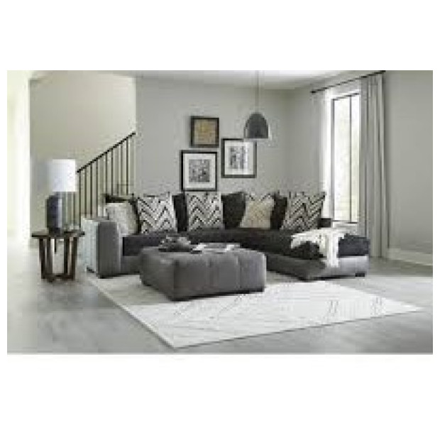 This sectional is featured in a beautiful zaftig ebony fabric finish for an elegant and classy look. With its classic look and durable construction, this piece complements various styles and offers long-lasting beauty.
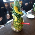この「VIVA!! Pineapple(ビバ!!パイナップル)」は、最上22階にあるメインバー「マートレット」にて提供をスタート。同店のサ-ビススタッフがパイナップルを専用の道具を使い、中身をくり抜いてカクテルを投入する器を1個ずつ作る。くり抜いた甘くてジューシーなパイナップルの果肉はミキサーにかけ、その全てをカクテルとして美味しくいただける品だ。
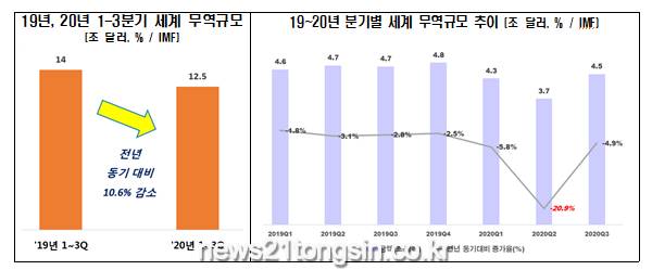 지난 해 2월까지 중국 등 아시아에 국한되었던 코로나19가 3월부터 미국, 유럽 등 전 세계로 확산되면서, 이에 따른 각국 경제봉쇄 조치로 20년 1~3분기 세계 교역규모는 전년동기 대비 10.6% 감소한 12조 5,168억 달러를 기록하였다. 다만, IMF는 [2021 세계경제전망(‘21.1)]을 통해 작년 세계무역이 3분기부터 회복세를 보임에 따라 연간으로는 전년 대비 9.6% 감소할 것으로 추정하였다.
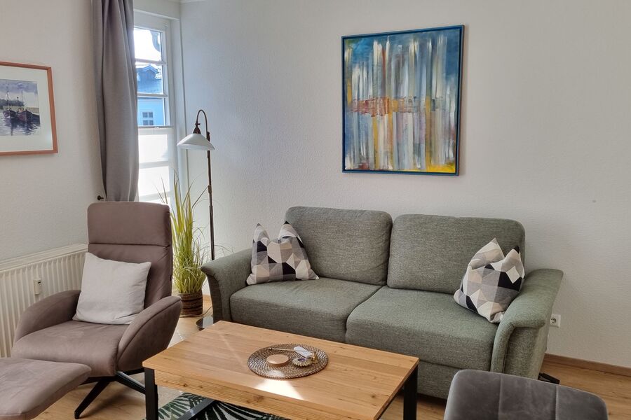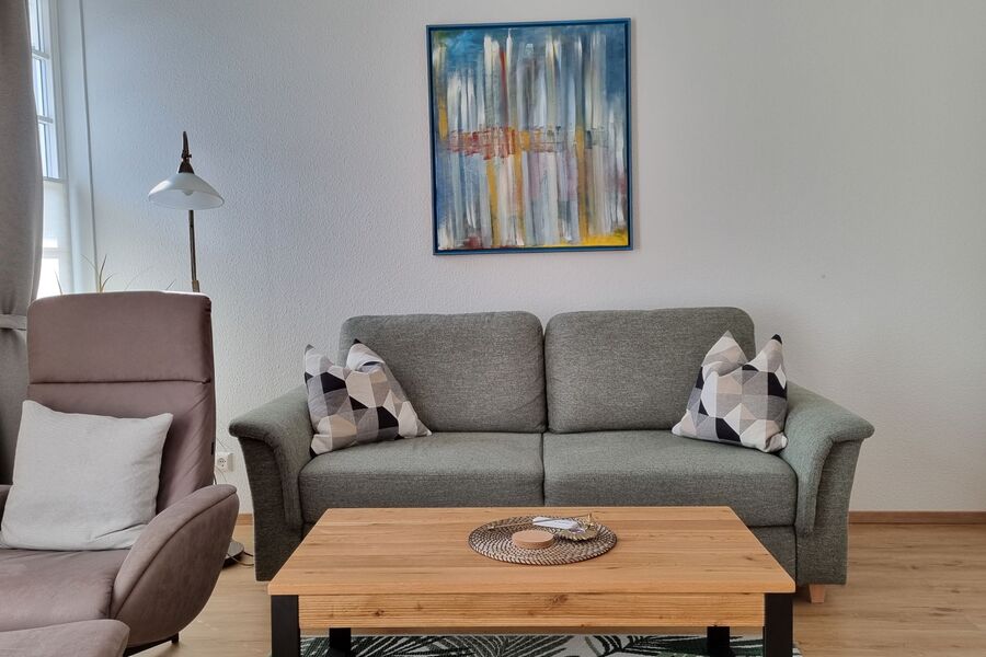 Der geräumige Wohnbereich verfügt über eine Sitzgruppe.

---

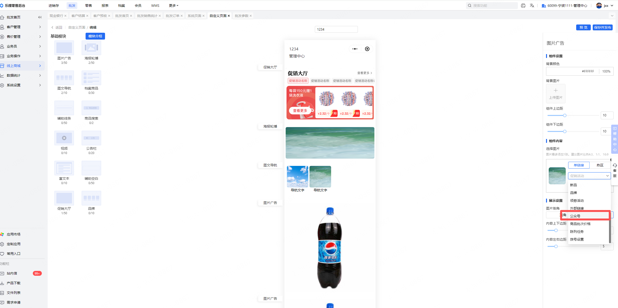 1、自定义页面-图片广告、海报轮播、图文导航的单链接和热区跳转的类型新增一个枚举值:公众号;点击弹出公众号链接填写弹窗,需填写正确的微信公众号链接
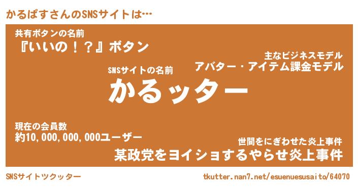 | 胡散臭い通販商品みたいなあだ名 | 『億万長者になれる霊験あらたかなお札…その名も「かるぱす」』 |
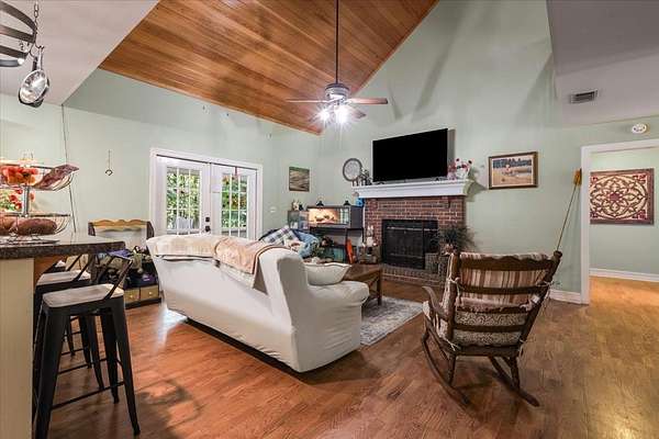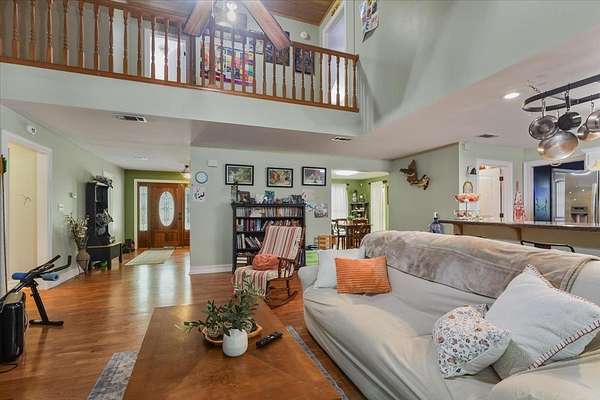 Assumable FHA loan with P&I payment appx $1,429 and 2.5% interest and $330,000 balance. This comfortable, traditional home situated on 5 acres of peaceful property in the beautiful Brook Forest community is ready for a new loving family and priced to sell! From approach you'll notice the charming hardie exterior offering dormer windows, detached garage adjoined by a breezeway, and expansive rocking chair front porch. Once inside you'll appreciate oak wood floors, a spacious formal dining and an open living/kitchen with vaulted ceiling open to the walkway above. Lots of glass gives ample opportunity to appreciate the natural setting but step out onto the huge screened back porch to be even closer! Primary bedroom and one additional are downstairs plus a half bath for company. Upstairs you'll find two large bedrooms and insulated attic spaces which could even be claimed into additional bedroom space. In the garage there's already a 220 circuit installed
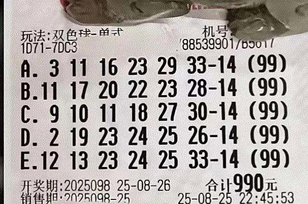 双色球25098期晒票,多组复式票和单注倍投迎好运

* * *

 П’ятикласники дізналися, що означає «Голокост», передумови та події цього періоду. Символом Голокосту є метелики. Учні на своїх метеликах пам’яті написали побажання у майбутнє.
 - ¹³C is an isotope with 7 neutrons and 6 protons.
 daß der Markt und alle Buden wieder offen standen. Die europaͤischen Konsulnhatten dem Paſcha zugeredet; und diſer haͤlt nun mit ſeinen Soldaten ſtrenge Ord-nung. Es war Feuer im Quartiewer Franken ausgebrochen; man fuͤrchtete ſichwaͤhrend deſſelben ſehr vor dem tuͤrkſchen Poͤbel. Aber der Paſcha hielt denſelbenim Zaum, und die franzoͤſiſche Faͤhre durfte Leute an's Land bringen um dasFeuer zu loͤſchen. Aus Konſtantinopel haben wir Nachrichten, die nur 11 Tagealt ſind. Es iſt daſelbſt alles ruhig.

• [Your instructions]:
The result should be an exact copy of only the lines above from the one that holds "この「VIVA!! Pine" through the one that holds "Der geräumige Wohnbereich", both ends included, without pictures.

• [Response]:
この「VIVA!! Pineapple(ビバ!!パイナップル)」は、最上22階にあるメインバー「マートレット」にて提供をスタート。同店のサ-ビススタッフがパイナップルを専用の道具を使い、中身をくり抜いてカクテルを投入する器を1個ずつ作る。くり抜いた甘くてジューシーなパイナップルの果肉はミキサーにかけ、その全てをカクテルとして美味しくいただける品だ。
 지난 해 2월까지 중국 등 아시아에 국한되었던 코로나19가 3월부터 미국, 유럽 등 전 세계로 확산되면서, 이에 따른 각국 경제봉쇄 조치로 20년 1~3분기 세계 교역규모는 전년동기 대비 10.6% 감소한 12조 5,168억 달러를 기록하였다. 다만, IMF는 [2021 세계경제전망(‘21.1)]을 통해 작년 세계무역이 3분기부터 회복세를 보임에 따라 연간으로는 전년 대비 9.6% 감소할 것으로 추정하였다.
 Der geräumige Wohnbereich verfügt über eine Sitzgruppe.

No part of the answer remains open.